Federal Reserve Chairman Ben Bernanke said Thursday that he's surprised by how cautious consumers remain more than two years since the recession officially ended. But he offered no hints of further steps the Fed might take to try to boost the weak economy.
Bernanke noted that several factors have kept consumers from spending more: from high unemployment and falling home values to still-heavy debt loads and higher gasoline prices.
"Even taking into account the many financial pressures they face, households seem exceptionally cautious," Bernanke said in a speech in Minneapolis to the Economic Club of Minnesota.
Bernanke said that higher prices for gas, cars and other consumer goods were due, in part, to temporary factors, such as supply disruptions stemming from Japan's earthquake and nuclear crisis.
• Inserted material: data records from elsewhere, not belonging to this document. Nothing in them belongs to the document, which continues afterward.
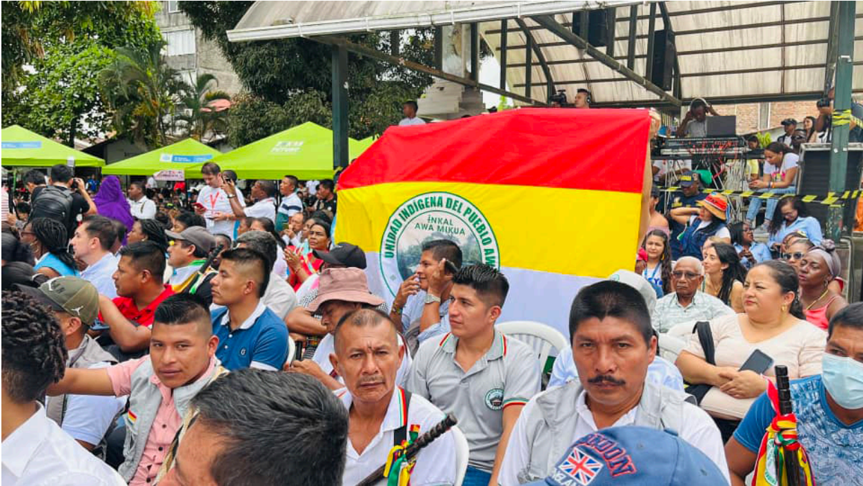
“La Unipa ha participado en numerosos espacios de concertación con el gobierno colombiano para la exigencia de derechos. El pasado 3 de Noviembre de 2022 participaron en los diálogos Regionales en la ciudad de Tumaco”.
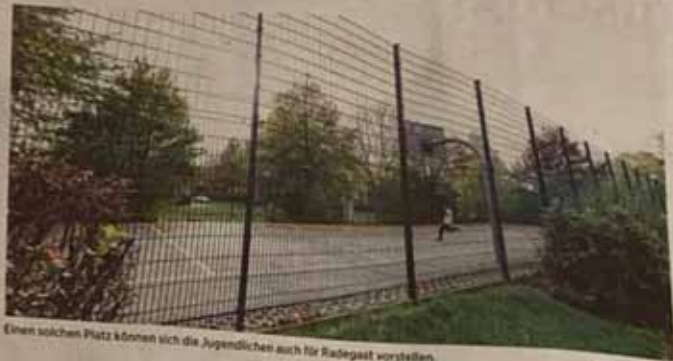
Einen solchen Platz können sich die Jugendlichen auch für Radegast vorstellen.

Nachdem bei einem ersten Treffen Vorschläge zusammengetragen wurden, ging es beim zweiten Mitte Oktober darum, vier besonders beliebte Ideen weiter auszuarbeiten. Beispiel Skaterpark: Der könnte nahe des
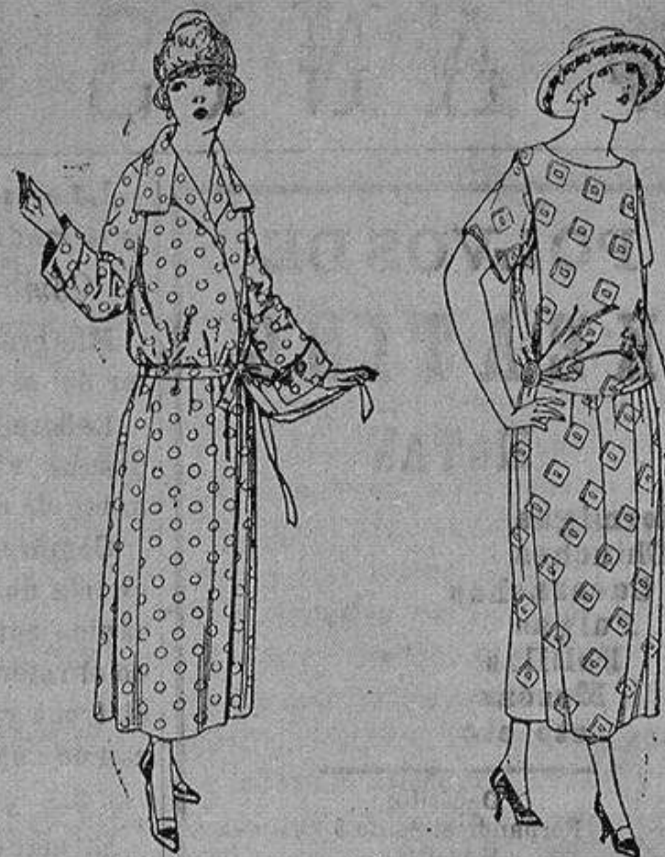
Batas de percal, voile listado, etcétera. de ptas. 16 a 28

As those factors continue to ease, the Fed chief said he expects inflation to moderate in the coming months.
He reiterated that the Fed will consider a range of options at its next policy meeting Sept. 20-21. Some economists have said the Fed must take further steps to drive down long-term interest rates and help the economy avoid another recession.
Bernanke's remarks Thursday were similar to those he made last month in a speech in Jackson Hole, Wyo. As he did in that speech, Bernanke said he supported Congress' push to reduce budget deficits over the long run. But he cautioned against cutting spending excessively while the economy remains so weak.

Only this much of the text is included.